The major strengths of this multicentre study is the inclusion of a relatively large sample size from two different ethnic groups living in the same area and cared for in the same healthcare setting. Futhermore, the application of different definitions for prediabetes that might make comparison between studies easier is also a major strength. Finally, reporting on ethnic difference in HbA1c-based prevalence of prediabetes and diabetes post-GDM is novel and important, especially as rates of diabetes and obesity are rasing worldwide, especially in “metabolically higher risk” South Asians communities.

Our study has limitations. First, we only recruited women referred to hospital for treatment of GDM. Our findings are, therefore, not applicable to women with diet-treated GDM cared for in primary healthcare.

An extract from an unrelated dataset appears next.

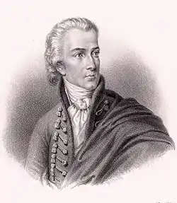 His emotional world was refined by the saloon life of Kassa, whose social pleasures he felt as delightful as the Freemasonry ceremonies which he often attended. His desires were tense between Teréz Radvánszky and Zsuzsanna Kácsándy. For the "nice companies" gathered in the saloons of the Török, Kácsándy and Bárcsay families and for female members of the Freemasonry he addressed his Bácsmegyeynek öszve-szedett levelei (English: Collected letters of Bácsmegyey) in 1789. It was a translation of Albrecht Christoph Kayser's Adolfs gesammelte Briefe which was a pastiche of Werther.[7] This form of translation, which differs from the principle of faithful translation followed during his works on the Gessner Idylliumi, was common in Hungarian literature at that time, but not in such a way as Kazinczy did in his Bácsmegyeynek öszve-szedett levelei. He moved the figure and scene of Kayser's original novel into the role of his friends and into the scenes of their frequent gatherings which showed a rare example of personal self-expression in translation. In some cases his protagonist openly attacks the estates of the realm as a limitation of freedom for humans and emotions. The first edition was indeed a great success in Hungarian public life. Ádám Pálóczi Horváth, János Földi, Mihály Csokonai Vitéz, Sándor Kisfaludy, Mihailo Vitković and Benedek Virág enthusiastically welcomed it.[7] However Kazinczy also received criticism from conservative writers and from his teachers in Sárospatak.[14]

Second, we cannot exclude a selection bias due to the low participation rate (45% and 14% in the South Asian and the Nordic groups). We, therefore, compared significant baseline characteristics in the regression analysis of women who did vs. a randomly selected subgroup of women who did not participate in the study (100 South Asian and 100 Nordic women) (Additional file 2: Table S4). Among the South Asian women no difference in age, pre-pregnancy BMI, in-pregnancy glucose values, the use of glucose-lowering drugs, GDM before index pregnancy, or first-degree relatives with diabetes were found. The participating Nordic women were older than non-participants, but the other characteristics did not differ. The older age among participating Nordic women might have led to an overestimation of the proportion of women with actionable HbA1c in this group. Third, differences in the recruitment procedures may have introduced a selection bias between the ethnic groups. After sending invitation letters to eligible women, only South Asian women received a telephone invitation to enhance recruitment. It is therefore possible that Nordic women with higher in-pregnancy glucose levels may have been more likely to respond to the invitation. Speaking against this is the fact that a higher percentage of South Asian than Nordic women were using glucose-lowering drugs in pregnancy and by minimal differences in the in-pregnancy glucose levels between the ethnic groups (Table 1). Fourth, our analyses did not include assessments of dietary habits and physical activity that may have important impact on the prevalence rates in the two groups. Our study had limited power to detect ethnic difference in the prevalence of diabetes. Finally, causality cannot be inferred from a cross-sectional study, and a single measurement of HbA1c or OGTT is not sufficient for a diagnosis of diabetes in asymptomatic women.

Conclusions

We found high prevalence rates of actionable HbA1c in women with GDM 1–3 years previously. Both the HbA1c and the established compound diagnostic criteria for prediabetes including OGTT measurements detected a pattern of excess risk in the South Asian compared to the Nordic women. The HbA1c-based criteria captured the ethnic difference best. Significant risk factors for actionable HbA1c were South Asian ethnicity, GDM before index pregnancy, use of glucose-lowering drugs in pregnancy, higher age, and in-pregnancy fasting glucose levels; all factors linked downstream to excess adiposity in both ethnicities. In terms of public health recommendations, our results confirm the need for regular screening of prediabetes and diabetes post-GDM, and support the use of HbA1c to improve women’s adherence to follow-ups and better predict long-term risks after GDM, particularly in South Asian communities.